— Exercise objective —
Exclude the pictures and set down, unaltered, the lines from the one that holds "Militär 1.WK Soldaten Feldpoststempel Gera" through the end of the data.
━━━━━ Recorded information ━━━━━
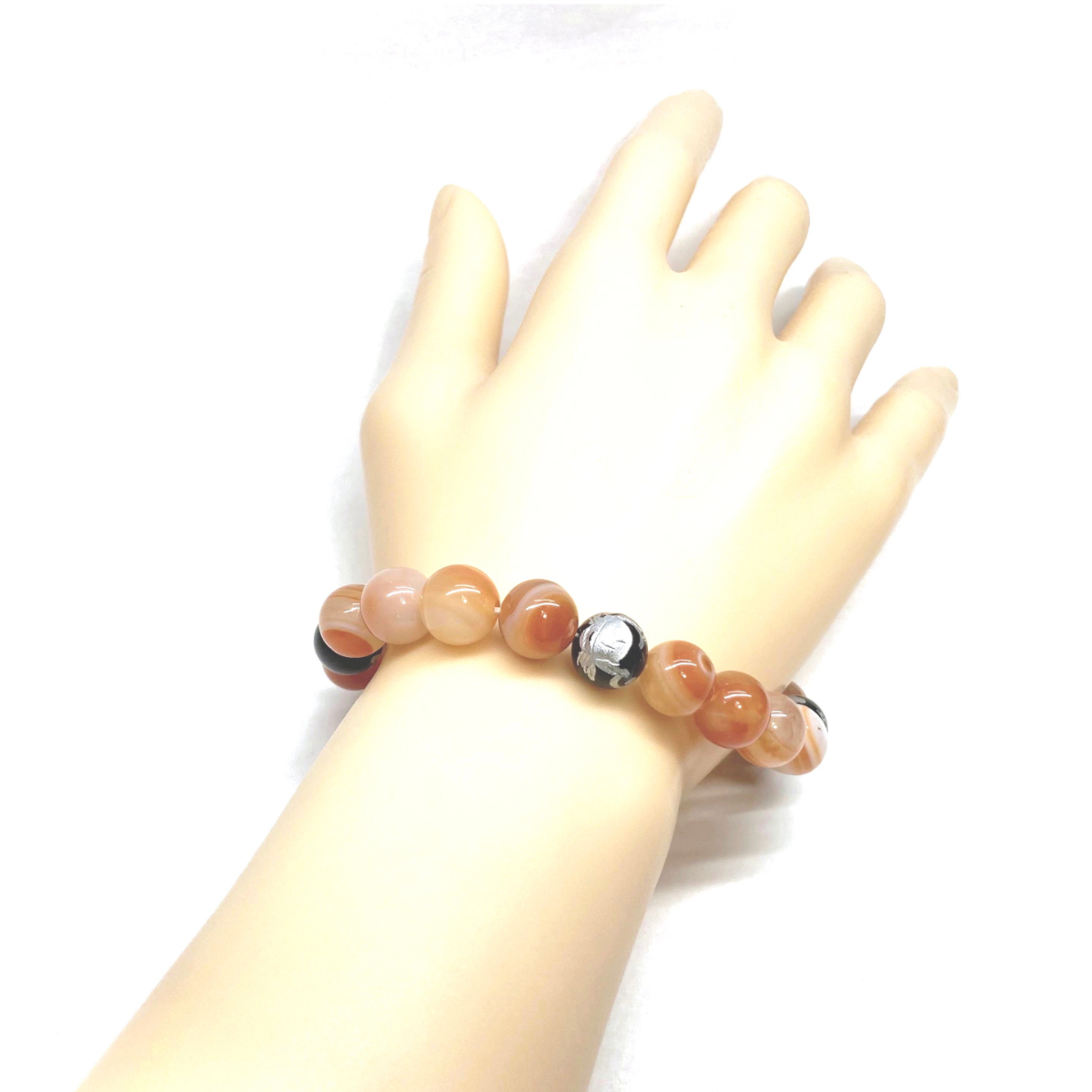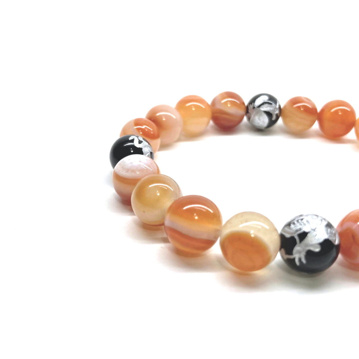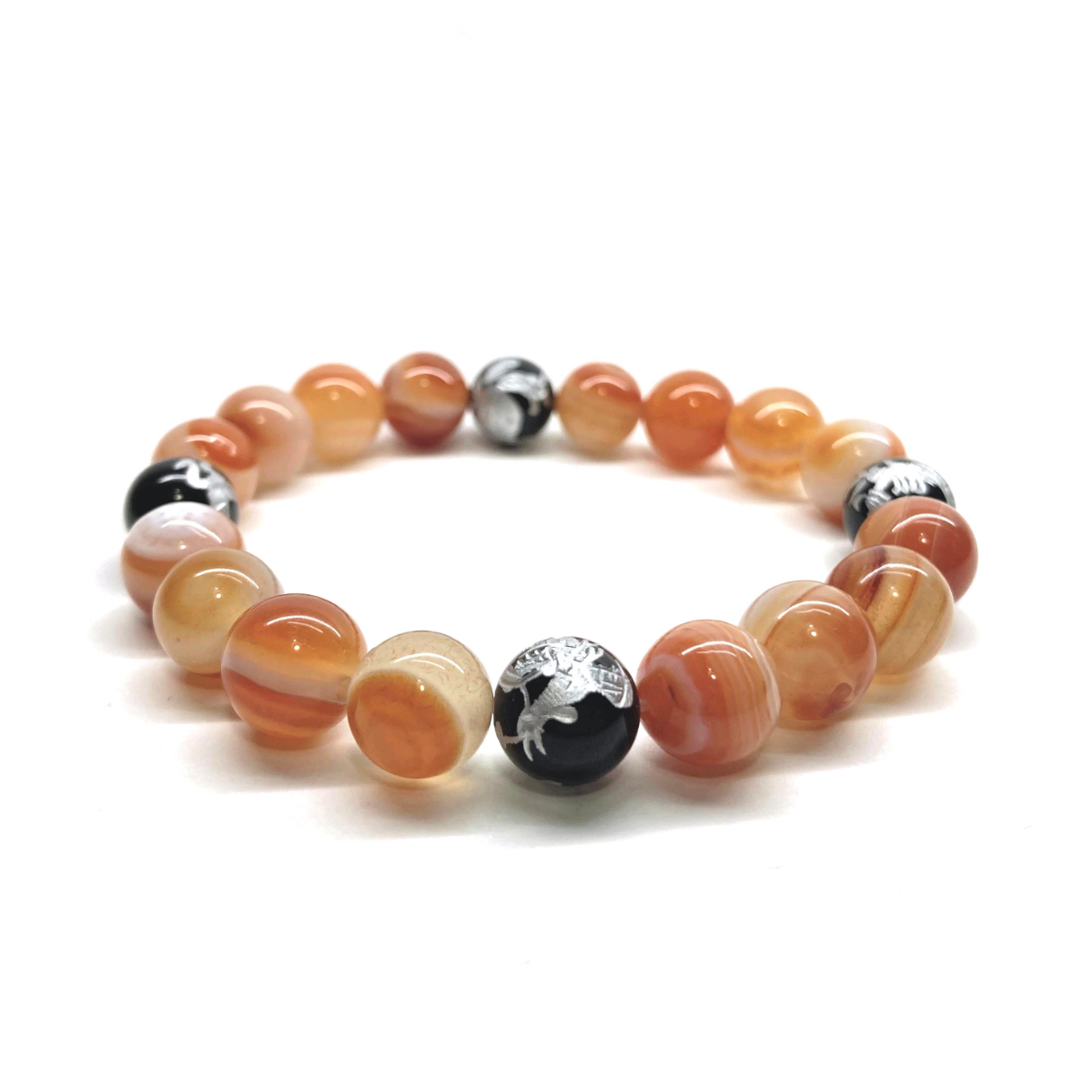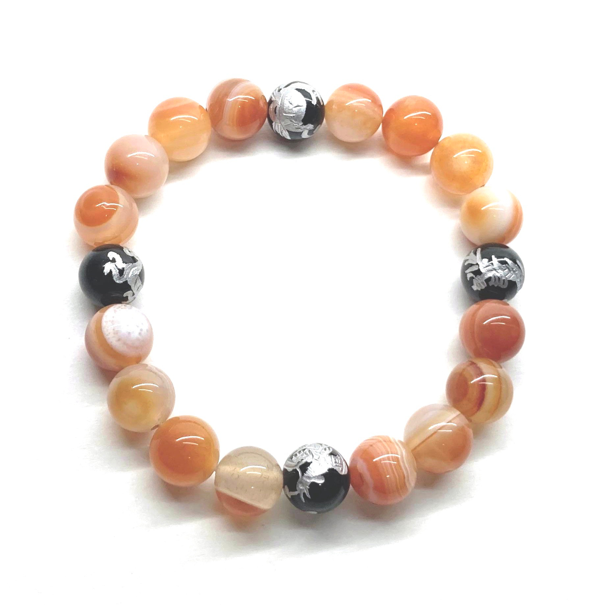 10mm 四神獣銀彫オニキス×カーネリアン・サードニクス パワーストーン ブレスレット天然石 開運 青龍 白虎 玄武 朱雀 ☆
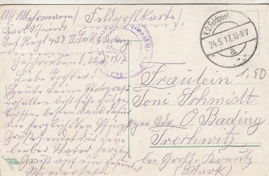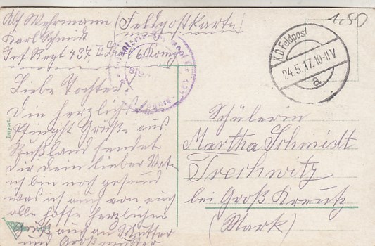Militär 1.WK Soldaten Feldpoststempel Gera
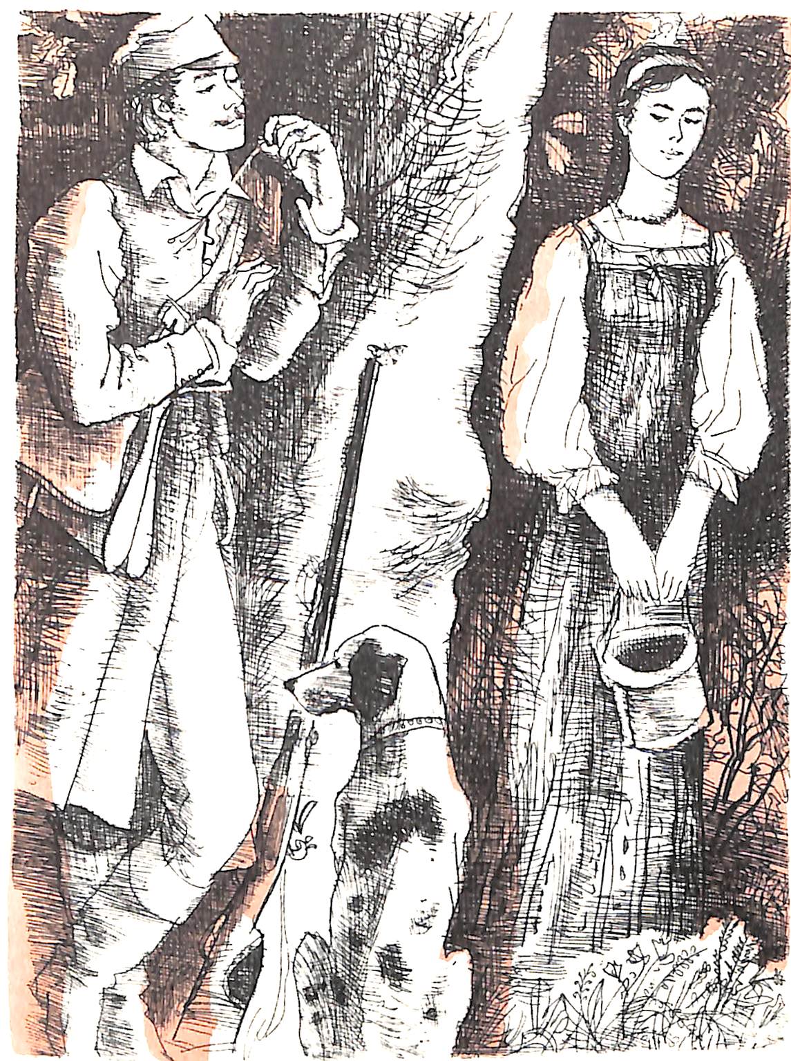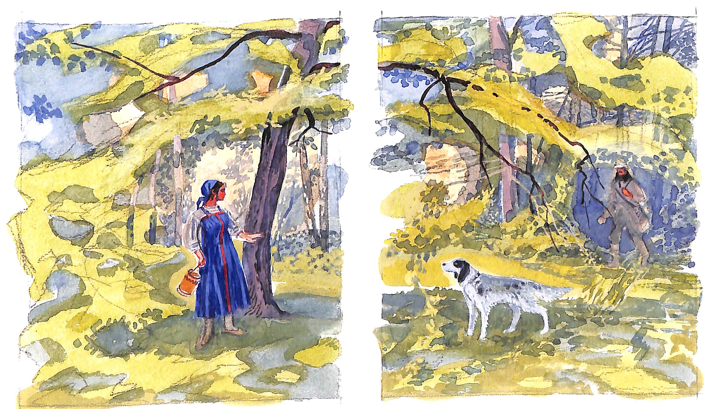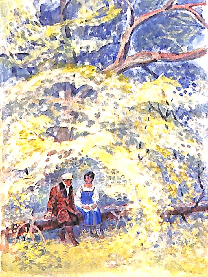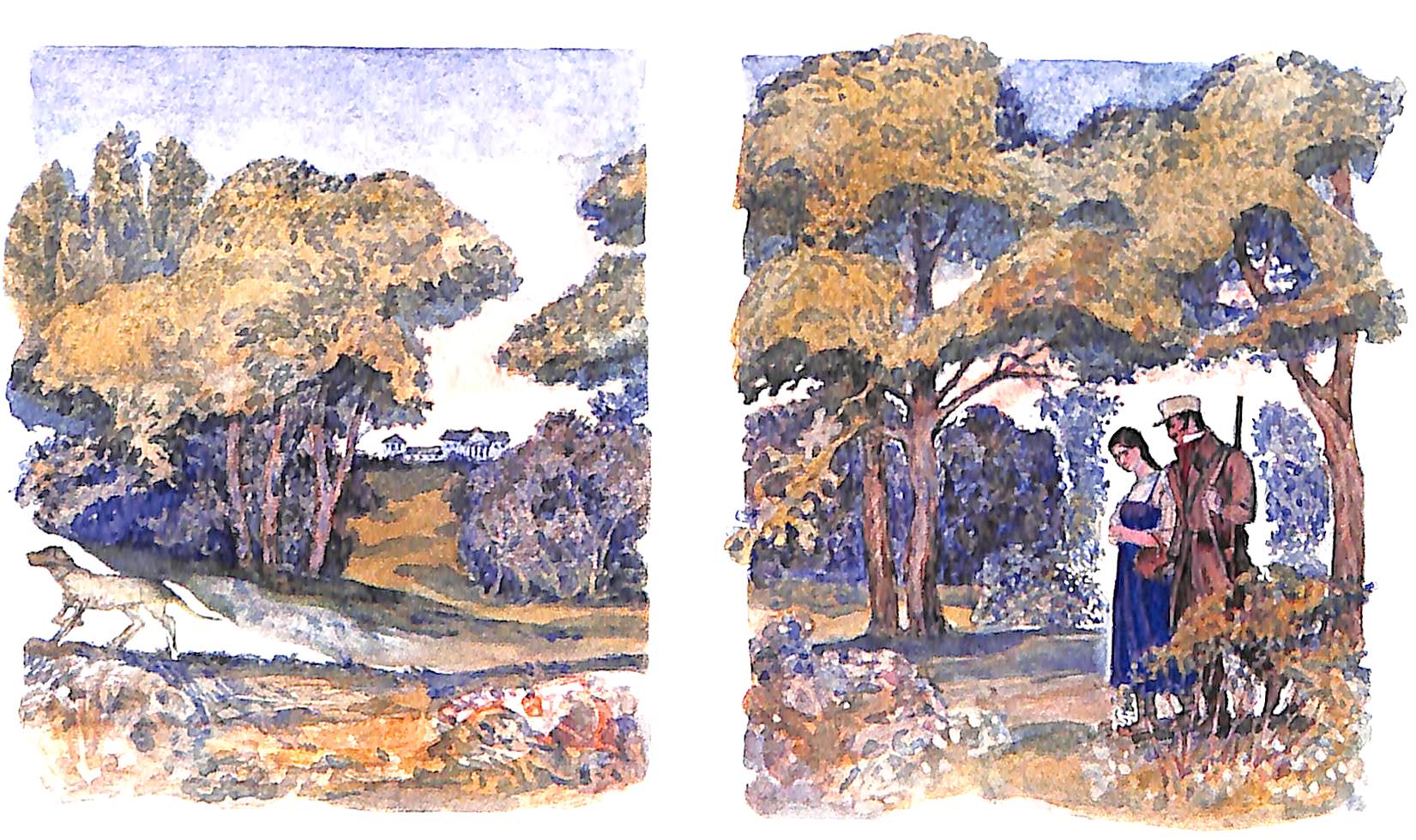 Здесь по две иллюстрации к каждой повести. По технике и композиции картинки совсем простые.
━━━━━
— Result of this exercise —
Militär 1.WK Soldaten Feldpoststempel Gera
 Здесь по две иллюстрации к каждой повести. По технике и композиции картинки совсем простые.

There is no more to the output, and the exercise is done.